Матросы хором подтвердили. Офицер ушел. Чекмарев продолжал беседу. Потом он достал брошюры и листовки. Они моментально были разобраны, а вечером, когда опустились сумерки, Чекмарев, оказался на берегу.
Через несколько дней Меркурьев, посмеиваясь, принес приятную весть:
— Генерал Грэвс взбешен. Большевистская зараза на «Бруклине»! Крейсер, на котором на орудийных башнях оказались расклеенными наши листовки, отведен за Русский остров. Команда матросов будет сменена. Нынешняя отсылается в Штаты. Тем лучше. Эти ребята расскажут там то, что слышали от тебя, что прочитали в брошюрах Владимира Ильича и в наших листовках. А ты готовься к отъезду. Партия дает тебе задание — на Чукотку, — машинист лукаво посмотрел на Чекмарева. — Поедешь с одним товарищем. Не знаю только, понравится он тебе или нет.
Меркурьев подошел к двери, ведущей в соседнюю комнату, приоткрыл ее и пригласил кого-то:
— Войдите! Познакомьтесь!
В дверях показался улыбающийся Шошин. Друзья обнялись. Они были счастливы. Было что рассказать друг другу. Воспоминаний хватило на вою длинную дорогу до Ново-Мариинска, административного центра Анадырского уезда. Здесь товарищи снова расстались. Шошина направили на мыс Дежнева, а Чекмарева — в Марково.
Поздно разошлись устьбельцы в этот вечер по своим домам. Убедившись в ошибочности прежних опасений, взволнованные рассказом Чекмарева, они больше не выставили охрану у складов.
Падерин ушел около полуночи, а Чекмарев с Кабаном и Наливаем остались в Совете. Уснули в первом часу ночи.
Чекмареву показалось, что он только что закрыл глаза и не успел даже задремать, когда его плеча коснулся Кекуай.
— Что? — поднял глаза Чекмарев. — Что тебе?

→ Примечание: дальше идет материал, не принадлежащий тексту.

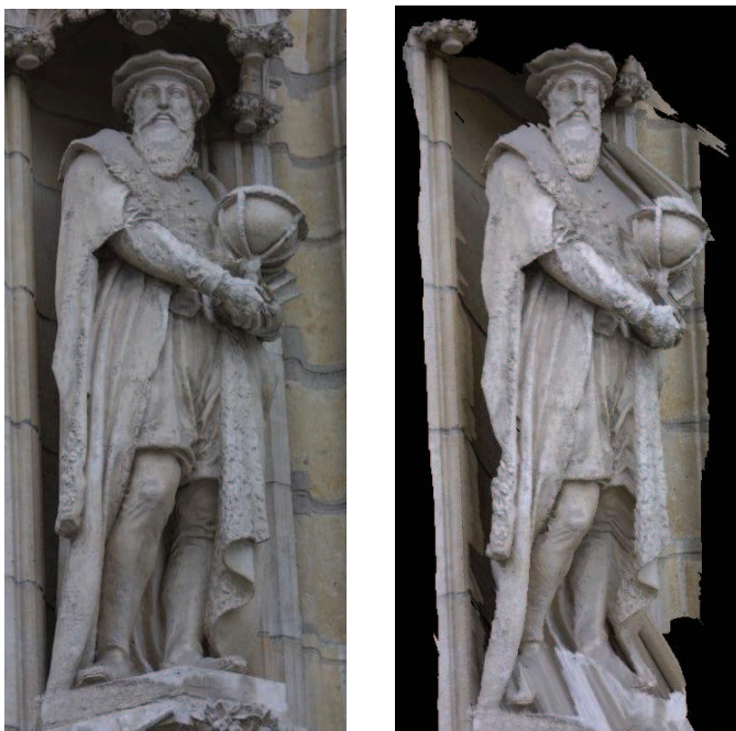
Another application: the statue of Mercator, original (left) and textured model (right)

instance. The ability to turn normal photographs into 3D models literally adds a new dimension. Compared to non-image based techniques there is the important advantage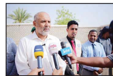
Issam Al-Kathiri, Undersecretary of Hadhramaut.

The enterprise will secure schooling for 300 students.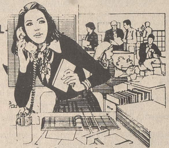
Our Students Get Jobs

160 W. Franklin Boulevard Gastonia, N.C.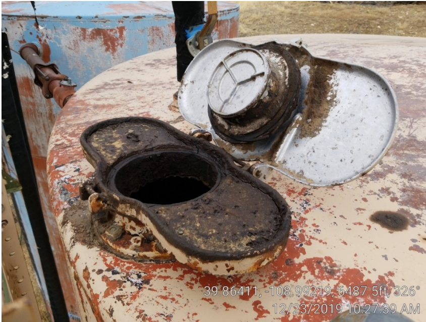
Photo 17. Tank hatch open.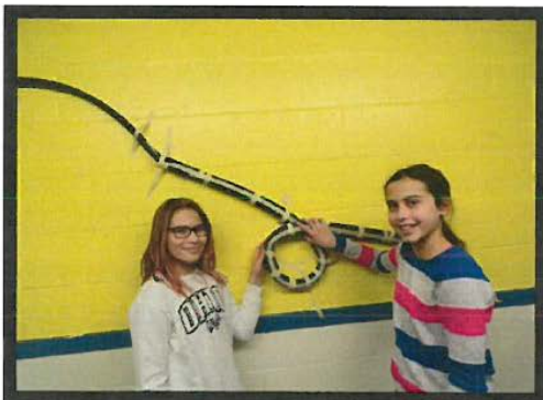
Girls making a roller coaster during the STEAM summer program

*Please contact Danielle for more information*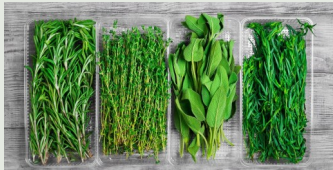
Parsley, Sage, Rosemary and Thyme?

Could we ever forget the old Simon and Garfunkle song Scarborough Fair ?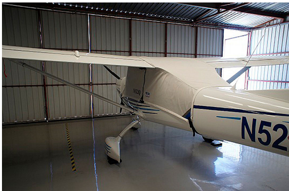
TL Ultralight Sirius Canopy Cover

This cover type is made from Silver Acrylic Sunbrella canvas and is 100% lined with a soft and smooth microfiber. Bruce's Custom Covers developed this material combination especially for aircraft protection. The outer material is medium weight and treated for water resistance, UV resistance and anti-static buildup. The inner lining is a very soft and smooth microfiber to prevent scratching. The material is very reflective, and tests show that the cabin interior temperature can be reduced to near-ambient temperature on the hottest of days. It is water, ice and snow repellent, yet breathable to allow moisture to escape from between the cover and the aircraft surface.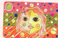
Mouse Mats $16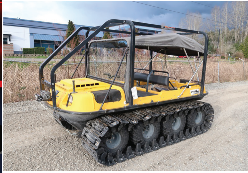
2002 ARGO CONQUEST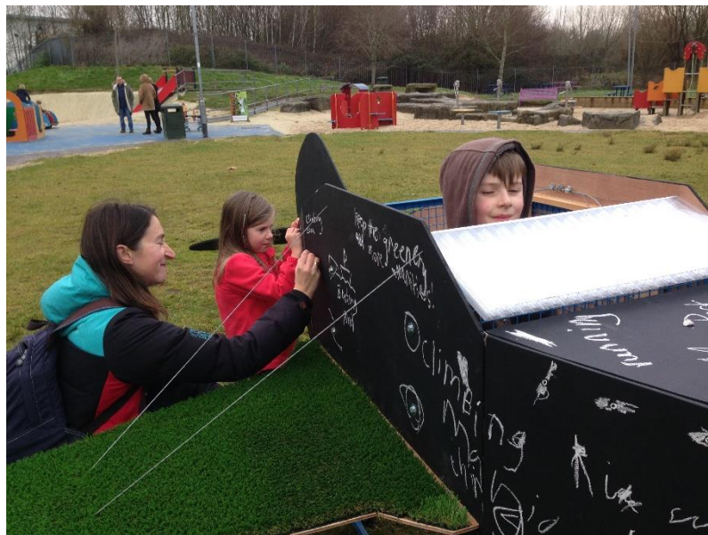
Writing and Playing with the Plane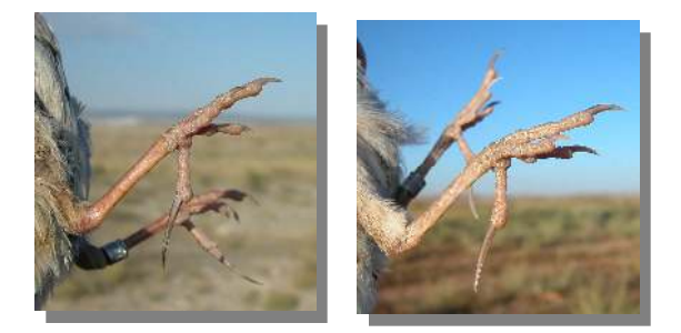
Calandra Lark. Legs colour: left adult (07-VII); right juvenile (06-VII)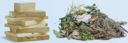
WOOD ITEMS, YARD WASTE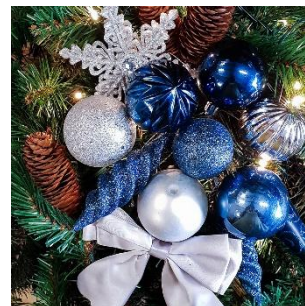
Silver & Blue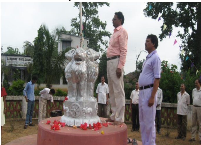
Celebration of Independence Day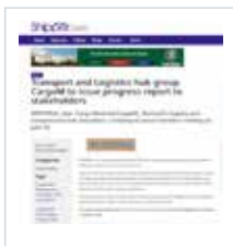
JUNE 16, 2014 CargoM DÉVOILE SES RÉSULTATS 2013-2014 Canadian Shipper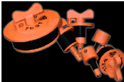
Well Plug Product Family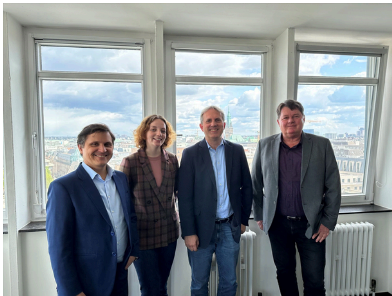
National Workshop participants in Germany

The consortium would like to thank all three national workshop participants for their active participation during the workshop and their overall involvement in the project!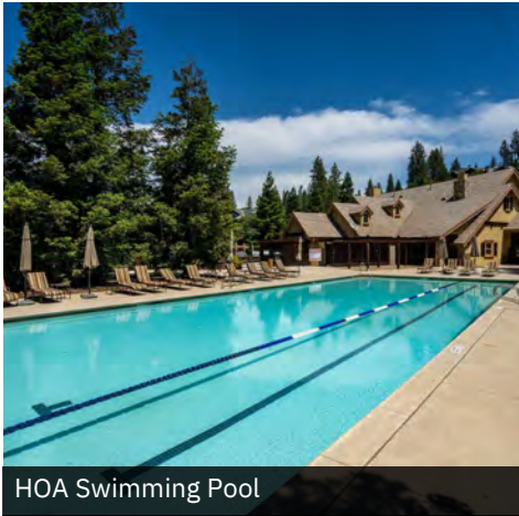
HOA Swimming Pool

Он слабо различал в полутьме лицо юноши. От печки на стены, пол и потолок падали красно-желтые отсветы. Кекуай всю ночь поддерживал огонь.

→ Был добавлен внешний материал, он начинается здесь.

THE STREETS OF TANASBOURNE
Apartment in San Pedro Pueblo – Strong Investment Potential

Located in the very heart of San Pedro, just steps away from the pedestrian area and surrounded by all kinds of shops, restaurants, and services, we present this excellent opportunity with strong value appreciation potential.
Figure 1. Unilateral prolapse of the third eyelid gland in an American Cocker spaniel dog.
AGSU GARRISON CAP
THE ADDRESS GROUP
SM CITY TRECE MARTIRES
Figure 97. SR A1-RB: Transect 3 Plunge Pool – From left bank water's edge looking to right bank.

— Упряжки там… Много упряжек…
— Где? — Чекмарев не понимал, о чем говорит юноша. — Какие упряжки? Чьи?
— Там много упряжек, — повторил Кекуай и потянул Чекмарева за руку. — Слушай. Тундрой бежали.
Чекмарев соскочил с постели, подбежал к окну и прислушался. Он сразу же услышал характерное повизгивание снега под полозьями нарт. Ожесточенно и зло залаяли собаки. Они всегда так лают — отрывисто, с хрипом, — когда появляются чужие упряжки.
«Может быть, кто-нибудь из ново-мариинских ревкомовцев пожаловал наконец?» — подумал Чекмарев и сказал Кекуаю:
— Отопри дверь и зови гостей, замерзли, наверное.
Он шагнул к столу, пошарил по нему рукой, разыскивая спички. Кекуай уже был у двери, когда в нее с улицы сильно застучали. Проснулись Кабан и Наливай.
— Что случилось?
— Кто-то приехал, — Чекмарев наконец нашел коробок со спичками, зашуршал ими и прикрикнул на Кекуая: — Чего там возишься? Открывай же!
Чекмарев засветил лампу, поставил стекло и подкрутил фитиль. В комнате стало светло. Кекуай выскочил в коридор, из которого слышался непрерывный стук в двери, взялся за засов, и тут же с улицы донесся отчаянный крик:
— Не открывай!.. Бандиты!.. Черепа…
Голос оборвался, но все узнали его. Кричал Падерин. Озадаченные Кабан и Наливай вскочили с постели. Чекмарев хотел остановить Кекуая:
— Подожди! Не открывай!..
Но было уже поздно. Кекуай отодвинул засов. Кто-то рванул снаружи дверь. Вместе с морозными клубами в коридор ворвались черепахинцы. Они отшвырнули Кекуая в сторону…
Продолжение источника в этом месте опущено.